● Exercise brief
Verbatim copy without images: return all of the data as it stands.
BEGIN Information supplied
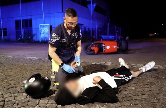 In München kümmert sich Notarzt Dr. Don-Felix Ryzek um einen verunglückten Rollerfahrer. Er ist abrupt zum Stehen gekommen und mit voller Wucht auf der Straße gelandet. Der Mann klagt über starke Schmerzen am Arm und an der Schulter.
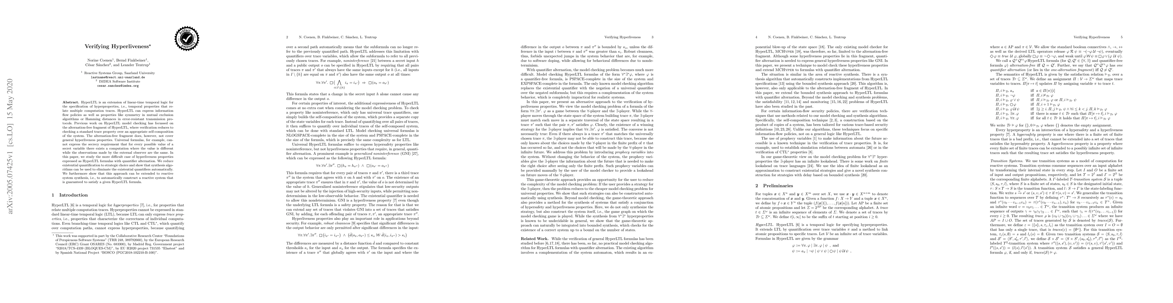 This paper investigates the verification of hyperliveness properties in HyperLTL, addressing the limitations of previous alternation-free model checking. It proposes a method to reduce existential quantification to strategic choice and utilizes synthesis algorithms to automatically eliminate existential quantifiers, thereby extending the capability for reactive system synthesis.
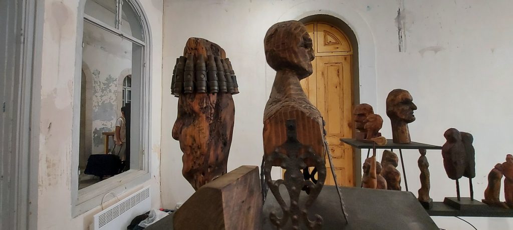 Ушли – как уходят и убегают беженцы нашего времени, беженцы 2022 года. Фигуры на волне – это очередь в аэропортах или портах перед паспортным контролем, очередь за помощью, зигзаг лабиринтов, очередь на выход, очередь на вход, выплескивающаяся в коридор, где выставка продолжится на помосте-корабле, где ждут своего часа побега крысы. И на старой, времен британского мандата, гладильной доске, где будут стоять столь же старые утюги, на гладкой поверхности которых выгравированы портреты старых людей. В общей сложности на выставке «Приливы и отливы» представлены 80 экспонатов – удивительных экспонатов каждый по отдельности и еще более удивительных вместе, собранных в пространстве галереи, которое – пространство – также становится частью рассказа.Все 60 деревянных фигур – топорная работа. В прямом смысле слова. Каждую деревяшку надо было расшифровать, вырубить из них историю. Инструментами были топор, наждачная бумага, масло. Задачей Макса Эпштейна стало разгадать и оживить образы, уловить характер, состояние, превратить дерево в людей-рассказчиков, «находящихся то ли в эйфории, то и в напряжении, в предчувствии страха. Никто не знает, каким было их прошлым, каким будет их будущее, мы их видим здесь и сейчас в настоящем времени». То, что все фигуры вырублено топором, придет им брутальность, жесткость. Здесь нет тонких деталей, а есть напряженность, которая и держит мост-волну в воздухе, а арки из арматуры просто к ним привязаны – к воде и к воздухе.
END Information supplied
● Written solution
 In München kümmert sich Notarzt Dr. Don-Felix Ryzek um einen verunglückten Rollerfahrer. Er ist abrupt zum Stehen gekommen und mit voller Wucht auf der Straße gelandet. Der Mann klagt über starke Schmerzen am Arm und an der Schulter.
 This paper investigates the verification of hyperliveness properties in HyperLTL, addressing the limitations of previous alternation-free model checking. It proposes a method to reduce existential quantification to strategic choice and utilizes synthesis algorithms to automatically eliminate existential quantifiers, thereby extending the capability for reactive system synthesis.
 Ушли – как уходят и убегают беженцы нашего времени, беженцы 2022 года. Фигуры на волне – это очередь в аэропортах или портах перед паспортным контролем, очередь за помощью, зигзаг лабиринтов, очередь на выход, очередь на вход, выплескивающаяся в коридор, где выставка продолжится на помосте-корабле, где ждут своего часа побега крысы. И на старой, времен британского мандата, гладильной доске, где будут стоять столь же старые утюги, на гладкой поверхности которых выгравированы портреты старых людей. В общей сложности на выставке «Приливы и отливы» представлены 80 экспонатов – удивительных экспонатов каждый по отдельности и еще более удивительных вместе, собранных в пространстве галереи, которое – пространство – также становится частью рассказа.Все 60 деревянных фигур – топорная работа. В прямом смысле слова. Каждую деревяшку надо было расшифровать, вырубить из них историю. Инструментами были топор, наждачная бумага, масло. Задачей Макса Эпштейна стало разгадать и оживить образы, уловить характер, состояние, превратить дерево в людей-рассказчиков, «находящихся то ли в эйфории, то и в напряжении, в предчувствии страха. Никто не знает, каким было их прошлым, каким будет их будущее, мы их видим здесь и сейчас в настоящем времени». То, что все фигуры вырублено топором, придет им брутальность, жесткость. Здесь нет тонких деталей, а есть напряженность, которая и держит мост-волну в воздухе, а арки из арматуры просто к ним привязаны – к воде и к воздухе.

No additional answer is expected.